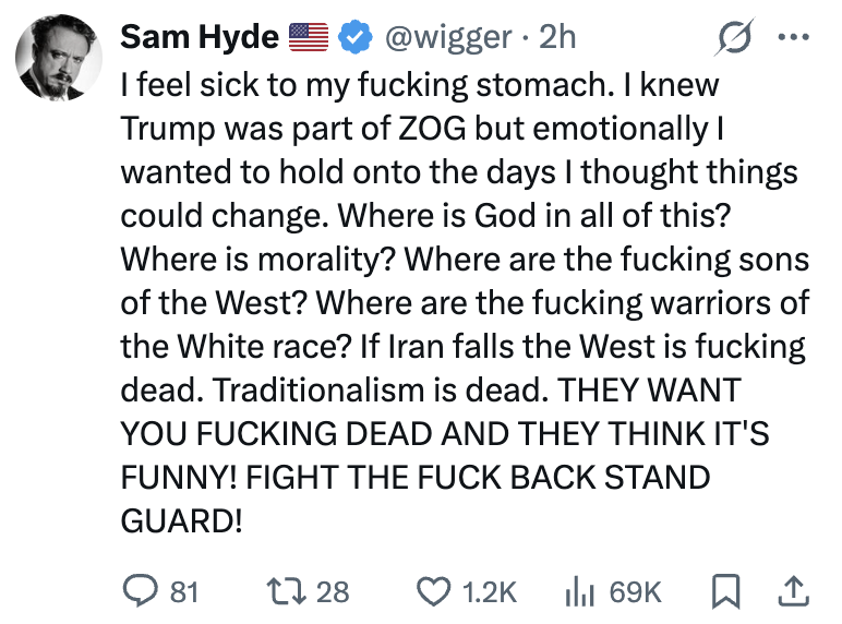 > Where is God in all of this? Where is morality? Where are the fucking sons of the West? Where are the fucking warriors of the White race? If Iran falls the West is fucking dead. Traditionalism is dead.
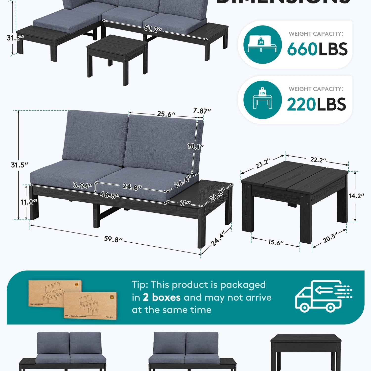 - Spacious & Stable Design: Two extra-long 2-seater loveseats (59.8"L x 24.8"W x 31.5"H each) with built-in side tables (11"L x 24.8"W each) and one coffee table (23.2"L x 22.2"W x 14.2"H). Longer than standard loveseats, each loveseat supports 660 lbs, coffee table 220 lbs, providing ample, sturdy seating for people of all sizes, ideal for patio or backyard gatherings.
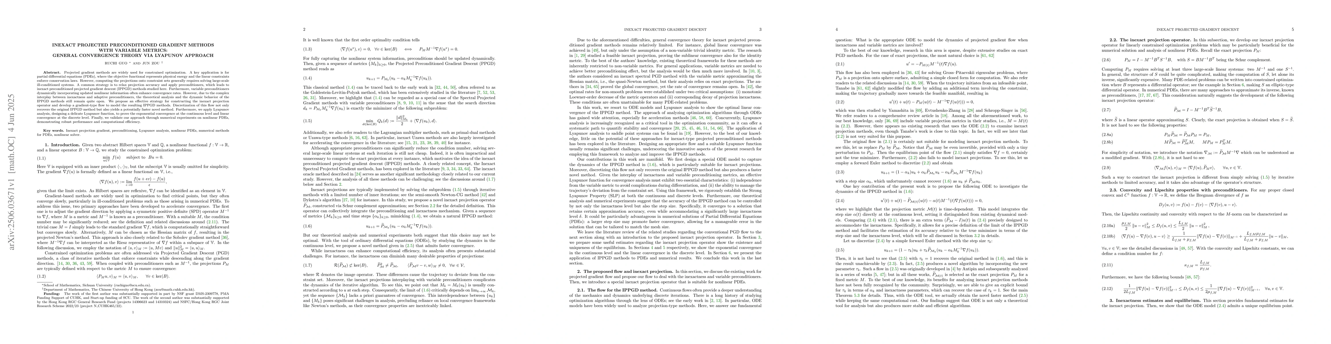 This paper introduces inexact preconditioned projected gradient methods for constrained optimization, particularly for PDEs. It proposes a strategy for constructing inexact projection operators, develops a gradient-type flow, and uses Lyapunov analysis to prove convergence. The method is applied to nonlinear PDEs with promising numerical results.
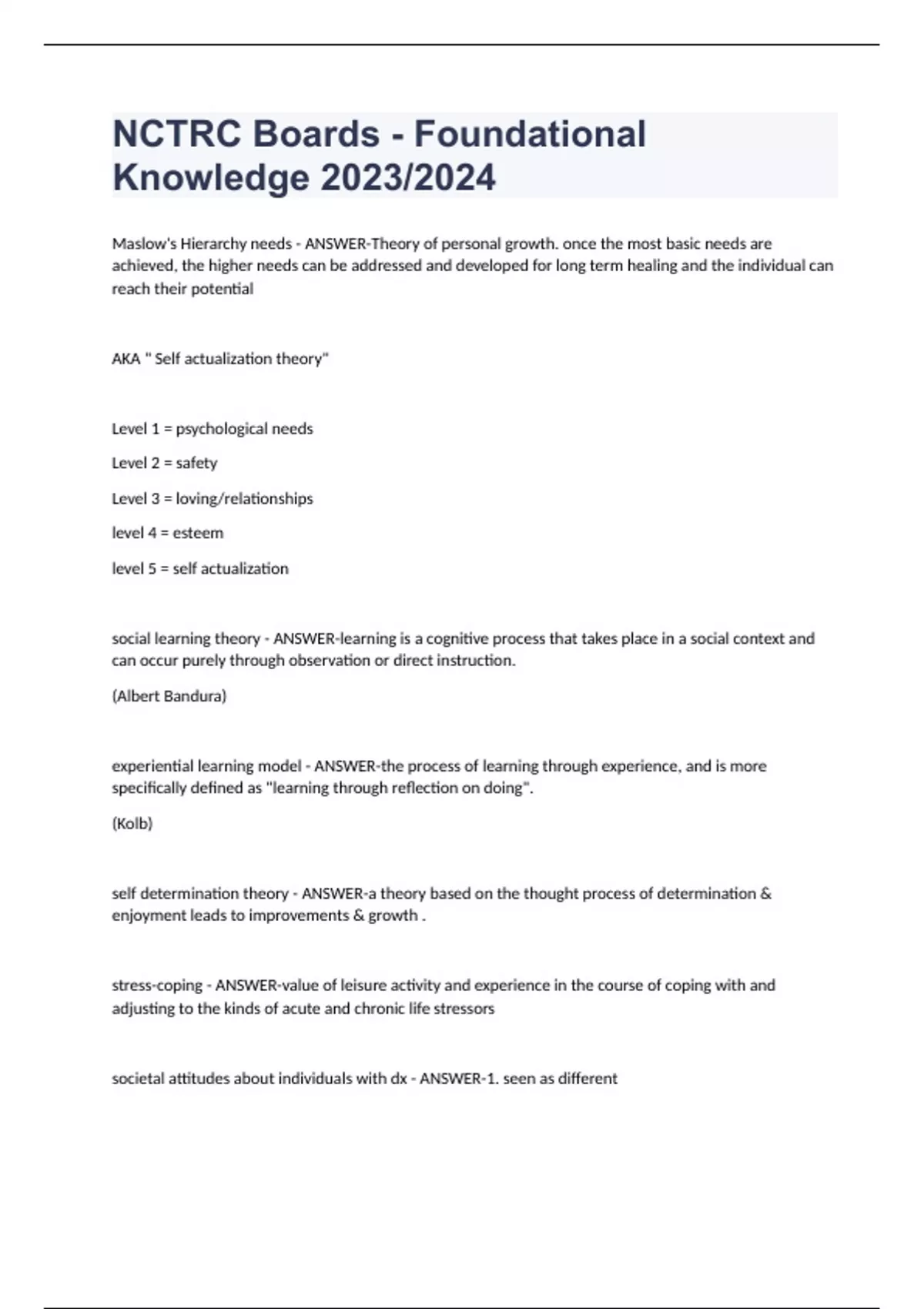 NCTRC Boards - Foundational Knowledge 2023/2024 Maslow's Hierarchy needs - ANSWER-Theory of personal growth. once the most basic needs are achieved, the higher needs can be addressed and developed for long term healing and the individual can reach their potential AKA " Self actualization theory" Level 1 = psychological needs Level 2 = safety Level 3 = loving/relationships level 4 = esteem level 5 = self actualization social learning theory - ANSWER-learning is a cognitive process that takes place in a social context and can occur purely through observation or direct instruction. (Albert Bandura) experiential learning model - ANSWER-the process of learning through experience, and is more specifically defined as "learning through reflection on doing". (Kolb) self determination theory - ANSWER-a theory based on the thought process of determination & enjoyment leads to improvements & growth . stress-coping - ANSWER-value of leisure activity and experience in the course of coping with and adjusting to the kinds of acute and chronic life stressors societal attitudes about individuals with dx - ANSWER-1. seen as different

§ **Problem to work on**
Reproduce, with the pictures omitted, exactly those lines that run from the line with "- Spacious &" to the last line of the material, both ends included.

§ **Exercise solution**
 - Spacious & Stable Design: Two extra-long 2-seater loveseats (59.8"L x 24.8"W x 31.5"H each) with built-in side tables (11"L x 24.8"W each) and one coffee table (23.2"L x 22.2"W x 14.2"H). Longer than standard loveseats, each loveseat supports 660 lbs, coffee table 220 lbs, providing ample, sturdy seating for people of all sizes, ideal for patio or backyard gatherings.
 This paper introduces inexact preconditioned projected gradient methods for constrained optimization, particularly for PDEs. It proposes a strategy for constructing inexact projection operators, develops a gradient-type flow, and uses Lyapunov analysis to prove convergence. The method is applied to nonlinear PDEs with promising numerical results.
 NCTRC Boards - Foundational Knowledge 2023/2024 Maslow's Hierarchy needs - ANSWER-Theory of personal growth. once the most basic needs are achieved, the higher needs can be addressed and developed for long term healing and the individual can reach their potential AKA " Self actualization theory" Level 1 = psychological needs Level 2 = safety Level 3 = loving/relationships level 4 = esteem level 5 = self actualization social learning theory - ANSWER-learning is a cognitive process that takes place in a social context and can occur purely through observation or direct instruction. (Albert Bandura) experiential learning model - ANSWER-the process of learning through experience, and is more specifically defined as "learning through reflection on doing". (Kolb) self determination theory - ANSWER-a theory based on the thought process of determination & enjoyment leads to improvements & growth . stress-coping - ANSWER-value of leisure activity and experience in the course of coping with and adjusting to the kinds of acute and chronic life stressors societal attitudes about individuals with dx - ANSWER-1. seen as different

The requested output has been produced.